Authors: Václav Blažej, Boris Klemz, Felix Klesen, Marie Diana Sieper, Alexander Wolff, and Johannes Zink

Published in: LIPIcs, Volume 293, 40th International Symposium on Computational Geometry (SoCG 2024)

Abstract
The problem Level Planarity asks for a crossing-free drawing of a graph in the plane such that vertices are placed at prescribed y-coordinates (called levels) and such that every edge is realized as a y-monotone curve. In the variant Constrained Level Planarity (CLP), each level y is equipped with a partial order ≺_y on its vertices and in the desired drawing the left-to-right order of vertices on level y has to be a linear extension of ≺_y. Ordered Level Planarity (OLP) corresponds to the special case of CLP where the given partial orders ≺_y are total orders. Previous results by Brückner and Rutter [SODA 2017] and Klemz and Rote [ACM Trans. Alg. 2019] state that both CLP and OLP are NP-hard even in severely restricted cases. In particular, they remain NP-hard even when restricted to instances whose width (the maximum number of vertices that may share a common level) is at most two.

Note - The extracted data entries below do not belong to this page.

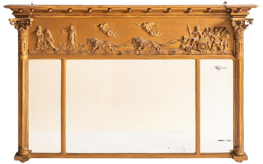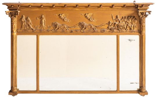 A 19th Century later gilt decorated landscape overmantel mirror, the moulded cornice of recessed broken outline with ball ornament, the frieze with a classical procession of figures and lion drawn chariot with trumpeting angels above, the triple divided bevelled plate flanked by reeded half columns with Corinthian capitals, 89cm x 143cm.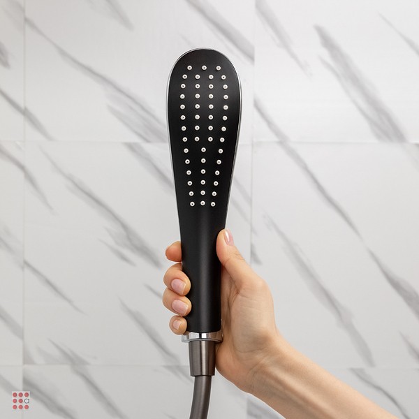 Лейка для душа с 1 режимом работы, размер 63х250 мм прекрасно подходит для повседневного использования. Оригинальная продолговатая форма добавляет эстетики в интерьер ванной комнаты. Лейка обеспечивает комфортный напор воды, выдерживает высокие температуры и обладает высокой прочностью. Качественное покрытие черный плюс хром не подвержено царапинам и сколам. Форсунки не забиваются и легко очищаются. Монтаж не требует использования специальных инструментов.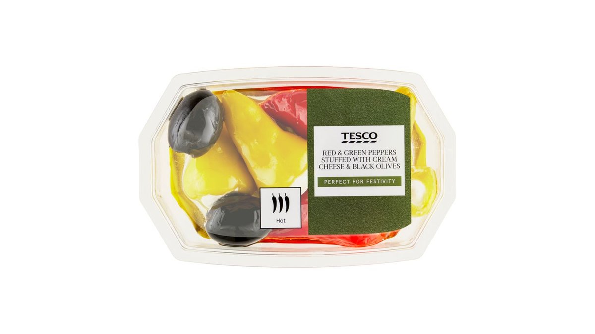 Tesco krémsajttal töltött marinált zöld és piros paprika és fekete olívabogyó repceolajban 150 g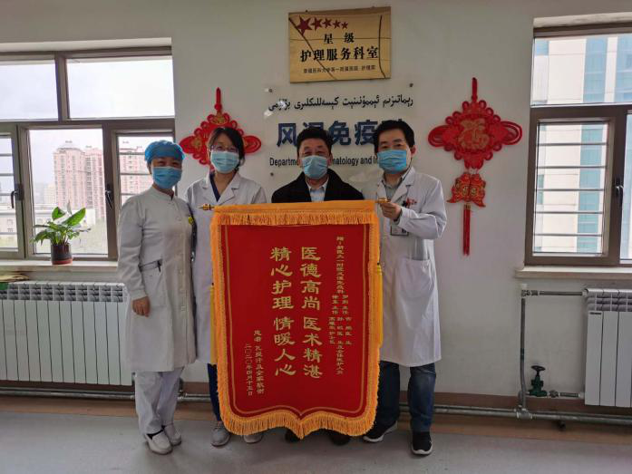 随着工作的顺利进展,在风湿免疫科诊治过的患者都知道有一位援疆专家,她叫徐东,并对她赞不绝口,还送了锦旗致以最真挚的感谢之情。面对全疆各地州前来看病的患者,尤其是从南疆来的少数民族患者,语言交流的困难并没有给徐东主任带来影响,她耐心问诊并为患者查体解释病情。从蹙眉到舒展笑容,不出疆就能让北京来的专家为其解答疑惑,这让慕名而来的患者感到了实实在在的便捷与实惠。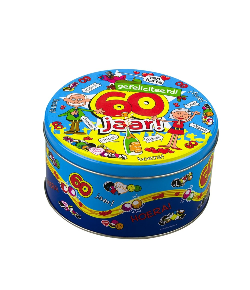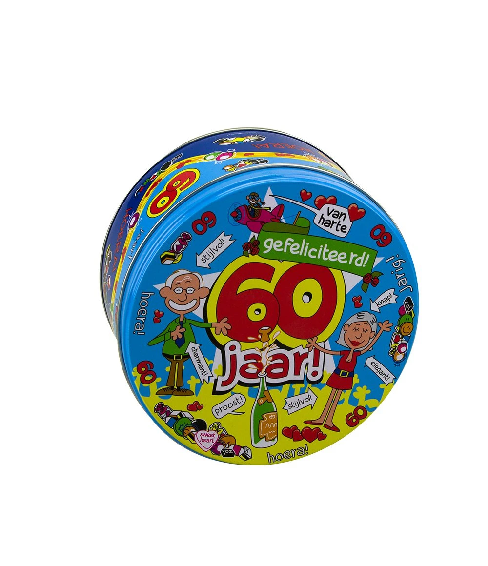 Deze grappige snoeptrommel met tekst 60 jaar is gemaakt van metaal met daarop een leuke cartoontekening.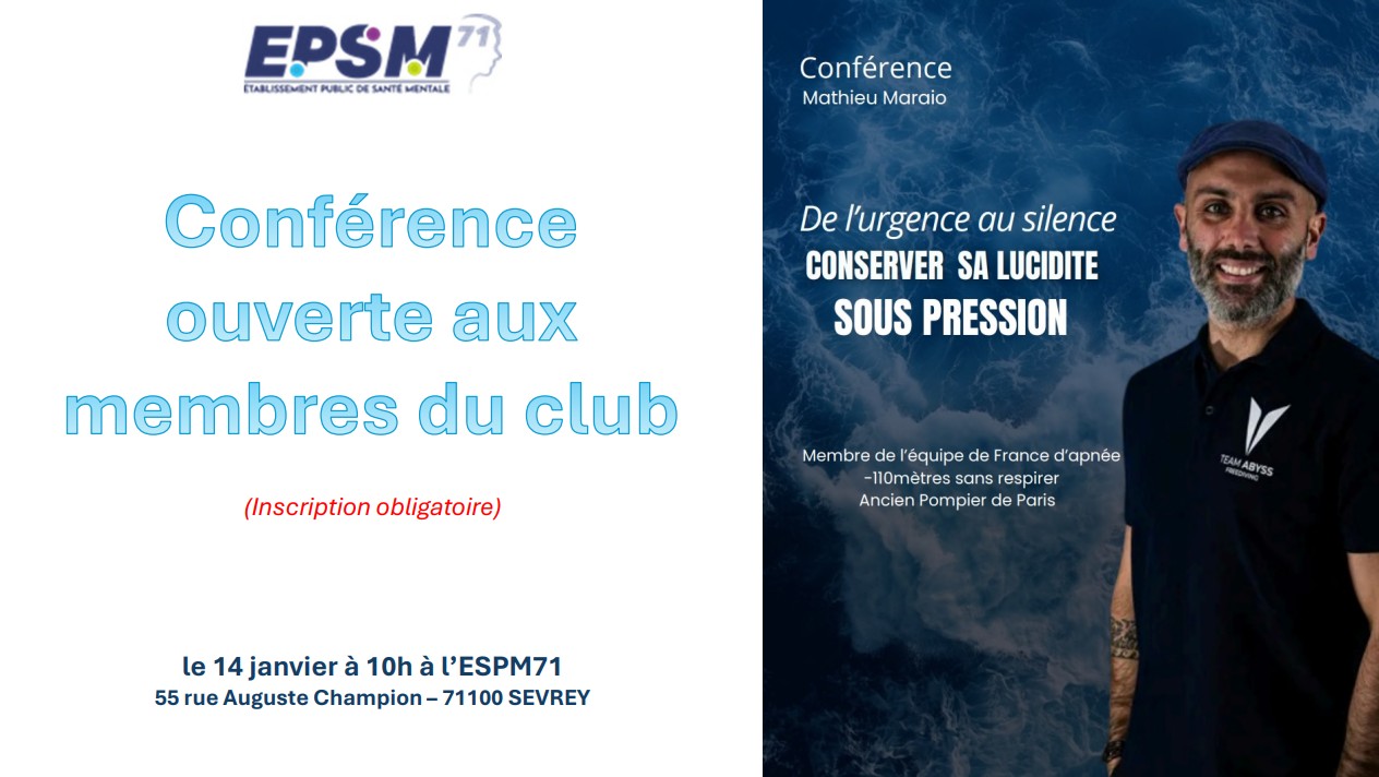 Mathieu Maraio, est apnéiste professionnel, membre de l’équipe de France, classé dans le top 10 mondial. Il est arrivé 6ème au championnat du monde 2022 et est champion de France 2023.De par ses qualités sur la maitrise de soi, il interviendra le mercredi 14 janvier auprès du personnel soignant de l’EPSM71 à Sevrey pour une conférence liée à la gestion du stress : Conserver sa lucidité sous pression.
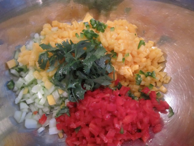 The salsa is very simple and merely requires a little patience with the chopping knife. All ingredients must be chopped to uniform fineness, then dressed with the proper balance of oil, rice wine vinegar (and/or lime juice), and sugar (I used agave).
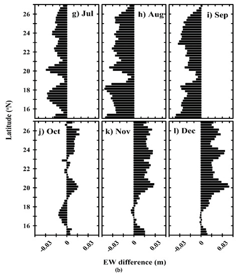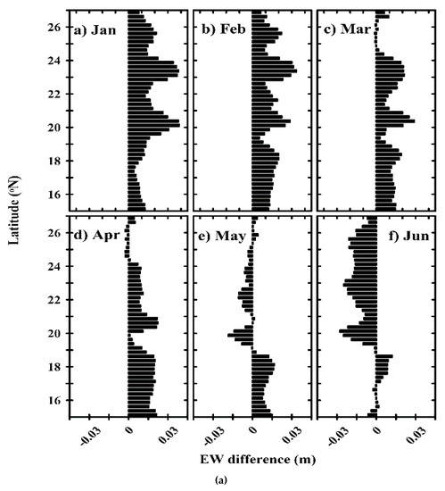 The monthly climatology of EW difference is prepared for each latitude for every 0.25°, which shows that the EW difference exists from the north to the south of the Red Sea (Figure 3a,b). We considered the region between 15°N & 27°N to remove the Gulf of Suez, the Gulf of Aqaba, and the Bab al Mandab strait from the calculation. The climatology shows that the sea level in the eastern Red Sea is clearly higher than that of the western region during January and February in the entire basin, but the pattern exists in at least 70% of the basin from November to April. Similarly, the western side is visibly higher than the eastern side from July to September. The months of May–June and October display a mixed pattern of the EW differences. In both transition periods, winter to summer and summer to winter, the reversal was first observed in the northern Red Sea. We have also noticed that the summer peak of the sea level in the western region is slightly higher (0.3 cm on average) than that of winter peak in the eastern region.

In this paper, we focus on the other dimension: we study the parameterized complexity of CLP and OLP with respect to the height (the number of levels). We show that OLP parameterized by the height is complete with respect to the complexity class XNLP, which was first studied by Elberfeld, Stockhusen, and Tantau [Algorithmica 2015] (under a different name) and recently made more prominent by Bodlaender, Groenland, Nederlof, and Swennenhuis [FOCS 2021]. It contains all parameterized problems that can be solved nondeterministically in time f(k)⋅ n^O(1) and space f(k)⋅ log n (where f is a computable function, n is the input size, and k is the parameter). If a problem is XNLP-complete, it lies in XP, but is W[t]-hard for every t. In contrast to the fact that OLP parameterized by the height lies in XP, it turns out that CLP is NP-hard even when restricted to instances of height 4. We complement this result by showing that CLP can be solved in polynomial time for instances of height at most 3.
Cite as

Václav Blažej, Boris Klemz, Felix Klesen, Marie Diana Sieper, Alexander Wolff, and Johannes Zink. Constrained and Ordered Level Planarity Parameterized by the Number of Levels. In 40th International Symposium on Computational Geometry (SoCG 2024). Leibniz International Proceedings in Informatics (LIPIcs), Volume 293, pp. 20:1-20:16, Schloss Dagstuhl – Leibniz-Zentrum für Informatik (2024)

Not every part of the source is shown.